Planning for the garden actually began two years ago with a phone call, according to executive director Michelle Conklin. In about 2016 the Botanical Gardens hosted a traveling Frida’s Garden, and it was transformative for the garden, she said.

“When that went away, I really thought it would never happen again,” she said. “The universe told us otherwise when I got a call from Naples (Florida) Botanical Garden who asked if we were interested in purchasing their Frida Kahlo exhibit.”

Conklin was very interested and determined to give that garden a home and not just any home.

“I really wanted to create a permanent home for this garden,” Conklin said. “Our proximity to Mexico, our cultural and diverse community, the fact that we have, I think, the country’s only barrio gardens and that it was going to be housed in this central part in the heart of our garden just made perfect sense.”

Perla Labarthe is the director of Casa Azul in Mexico City. She came for the opening of Frida’s Garden.

“For us, it’s a great opportunity to do this project in collaboration with the botanical garden because this is a way to stretch the blue walls of the blue house in Mexico City,” she said. “I think it’s a way to show a little bit of Frida outside Mexico City and I think it’s a way to connect with audiences in other places.”
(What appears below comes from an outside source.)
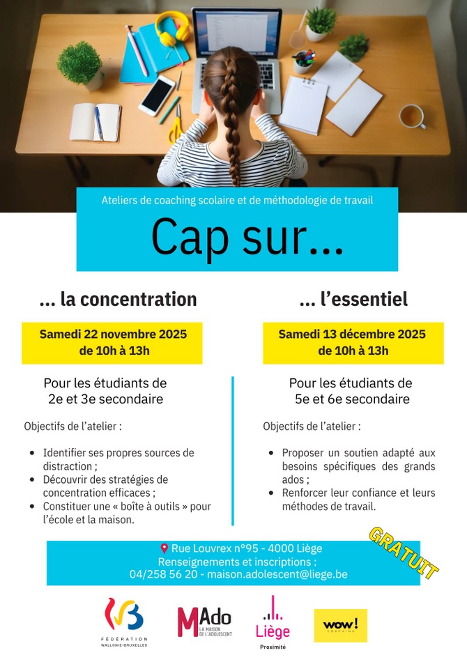 Deux ateliers de coaching scolaire et méthodologie de travail

Staff began taking out the previous garden in March and opened this new exhibit to the public on Saturday, Oct. 11. During that time staff and contractors replaced the electrical and hydro infrastructure. They replaced walkways and poured cement for the patio and artist’s studio portions. They planted, replanted and relocated cactus. They laid mulch, built and painted. 

Farrell-Wortman’s favorite part of the garden?

“It’s partly just because of where I am as a plant guy, I really love this little pond area,” he said. He also loves the Sonoran spider lily planted nearby, which has blooms that look a bit like a big spider. In the wild the species can be found around riparian zones in the Sonoran Desert.

Farrell-Wortman said what he hopes is for visitors to take a journey with him in the garden. 

“I want visitors to be transported to Mexico City,” he said. “That was our ideal with this space. So those folks who are from Mexico or have a real affinity for the space, I want them to feel at home in here and for those who have never been to Mexico, I want them to have a really good feeling about what to expect if they do go (to Casa Azul).”

Next up for the garden, the annual Lights Up! A Festival of Illumination, opening Nov. 28. 

Tucson Botanical Gardens

WHEN: 8:30 a.m. to 4:30 p.m. daily, visit Butterfly Magic between 9:30 a.m. to 3 p.m. Closed on Thanksgiving, Christmas Eve and Christmas Day, WHERE: 2150 N. Alvernon Way

COST: adults/$19; students, seniors 62 and older and military/$15; and children 4 to 12/$10. Members, children of members and children younger than 4 are all admitted free.